WHAT IS EXPECTED: Please reproduce all of the data below exactly, leaving each picture out.
=== Section Start ===
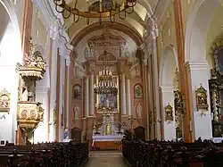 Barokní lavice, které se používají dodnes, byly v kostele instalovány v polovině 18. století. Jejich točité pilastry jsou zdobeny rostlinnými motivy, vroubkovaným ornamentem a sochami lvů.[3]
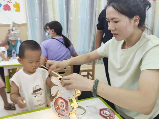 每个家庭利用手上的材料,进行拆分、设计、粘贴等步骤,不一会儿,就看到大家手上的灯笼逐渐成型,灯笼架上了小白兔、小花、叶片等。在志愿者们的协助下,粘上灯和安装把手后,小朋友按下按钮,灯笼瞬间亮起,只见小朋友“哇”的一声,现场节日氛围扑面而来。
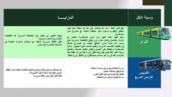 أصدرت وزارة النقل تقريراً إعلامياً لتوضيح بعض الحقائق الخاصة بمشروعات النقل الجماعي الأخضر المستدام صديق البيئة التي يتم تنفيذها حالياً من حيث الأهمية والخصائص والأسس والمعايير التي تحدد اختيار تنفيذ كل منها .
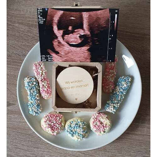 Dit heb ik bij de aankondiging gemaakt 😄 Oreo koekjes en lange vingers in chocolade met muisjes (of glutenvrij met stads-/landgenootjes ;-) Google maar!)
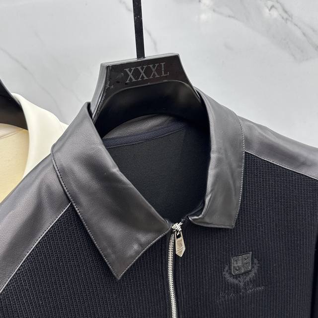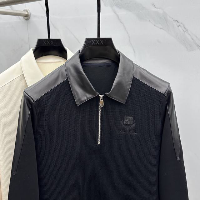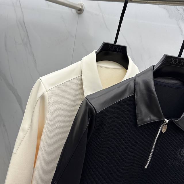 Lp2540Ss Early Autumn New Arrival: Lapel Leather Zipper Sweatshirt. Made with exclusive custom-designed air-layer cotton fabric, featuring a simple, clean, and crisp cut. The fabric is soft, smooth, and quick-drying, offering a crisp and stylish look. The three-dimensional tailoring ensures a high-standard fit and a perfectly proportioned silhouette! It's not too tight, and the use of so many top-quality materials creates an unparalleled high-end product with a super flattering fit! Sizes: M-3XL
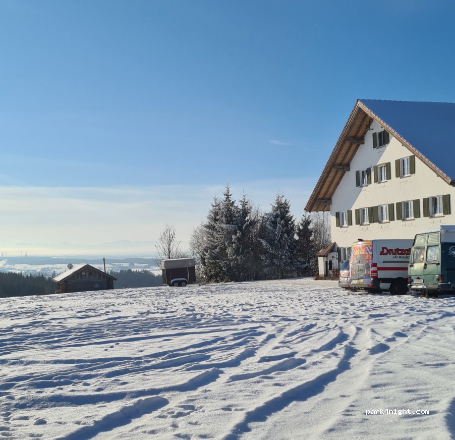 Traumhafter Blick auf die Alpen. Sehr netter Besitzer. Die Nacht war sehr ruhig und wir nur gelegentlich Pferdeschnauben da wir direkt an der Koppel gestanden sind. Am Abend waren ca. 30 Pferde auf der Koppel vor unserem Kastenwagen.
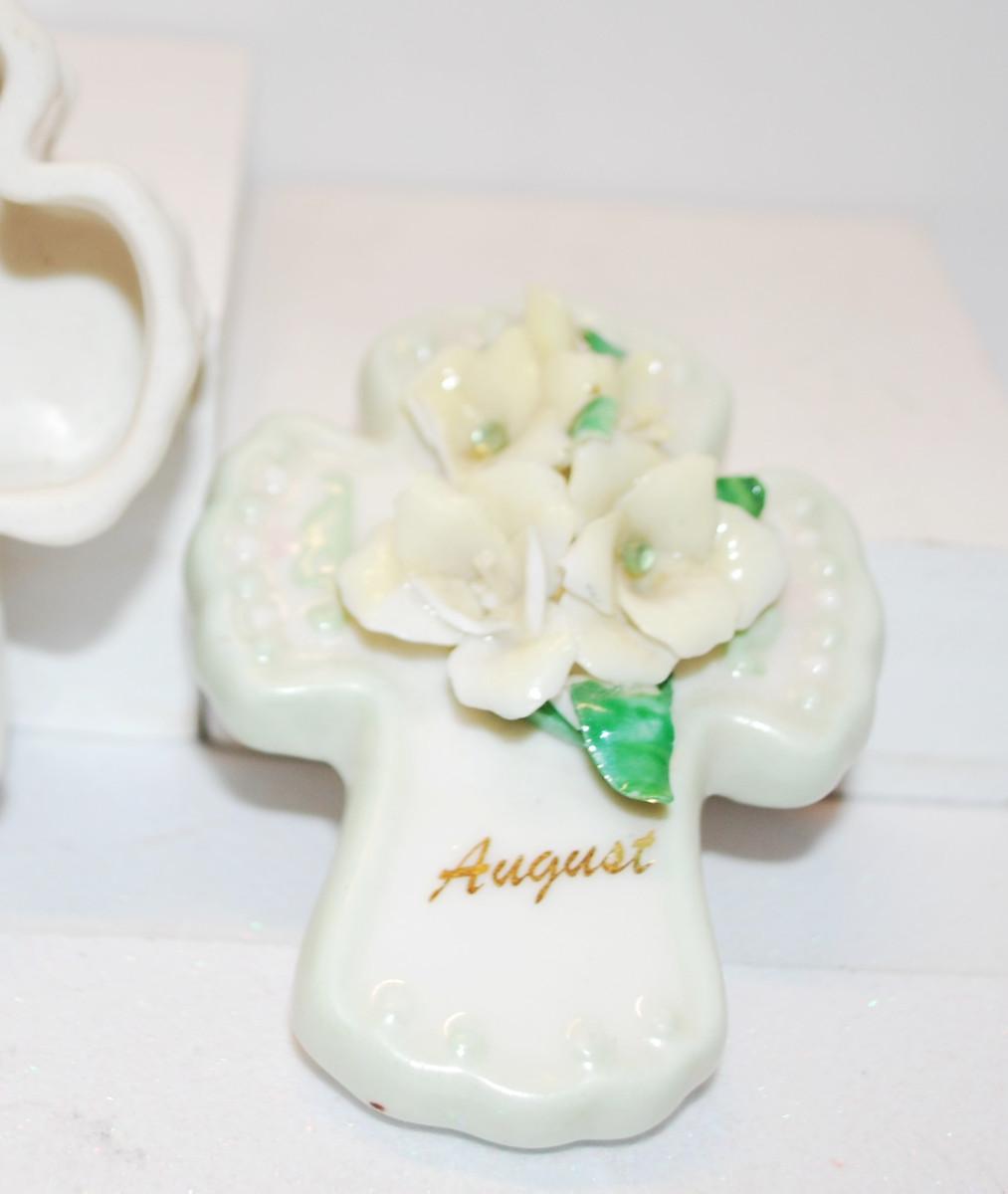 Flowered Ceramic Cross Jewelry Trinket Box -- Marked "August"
=== Section End ===
TASK RESPONSE:
 Barokní lavice, které se používají dodnes, byly v kostele instalovány v polovině 18. století. Jejich točité pilastry jsou zdobeny rostlinnými motivy, vroubkovaným ornamentem a sochami lvů.[3]
 每个家庭利用手上的材料,进行拆分、设计、粘贴等步骤,不一会儿,就看到大家手上的灯笼逐渐成型,灯笼架上了小白兔、小花、叶片等。在志愿者们的协助下,粘上灯和安装把手后,小朋友按下按钮,灯笼瞬间亮起,只见小朋友“哇”的一声,现场节日氛围扑面而来。
 أصدرت وزارة النقل تقريراً إعلامياً لتوضيح بعض الحقائق الخاصة بمشروعات النقل الجماعي الأخضر المستدام صديق البيئة التي يتم تنفيذها حالياً من حيث الأهمية والخصائص والأسس والمعايير التي تحدد اختيار تنفيذ كل منها .
 Dit heb ik bij de aankondiging gemaakt 😄 Oreo koekjes en lange vingers in chocolade met muisjes (of glutenvrij met stads-/landgenootjes ;-) Google maar!)
 Lp2540Ss Early Autumn New Arrival: Lapel Leather Zipper Sweatshirt. Made with exclusive custom-designed air-layer cotton fabric, featuring a simple, clean, and crisp cut. The fabric is soft, smooth, and quick-drying, offering a crisp and stylish look. The three-dimensional tailoring ensures a high-standard fit and a perfectly proportioned silhouette! It's not too tight, and the use of so many top-quality materials creates an unparalleled high-end product with a super flattering fit! Sizes: M-3XL
 Traumhafter Blick auf die Alpen. Sehr netter Besitzer. Die Nacht war sehr ruhig und wir nur gelegentlich Pferdeschnauben da wir direkt an der Koppel gestanden sind. Am Abend waren ca. 30 Pferde auf der Koppel vor unserem Kastenwagen.
 Flowered Ceramic Cross Jewelry Trinket Box -- Marked "August"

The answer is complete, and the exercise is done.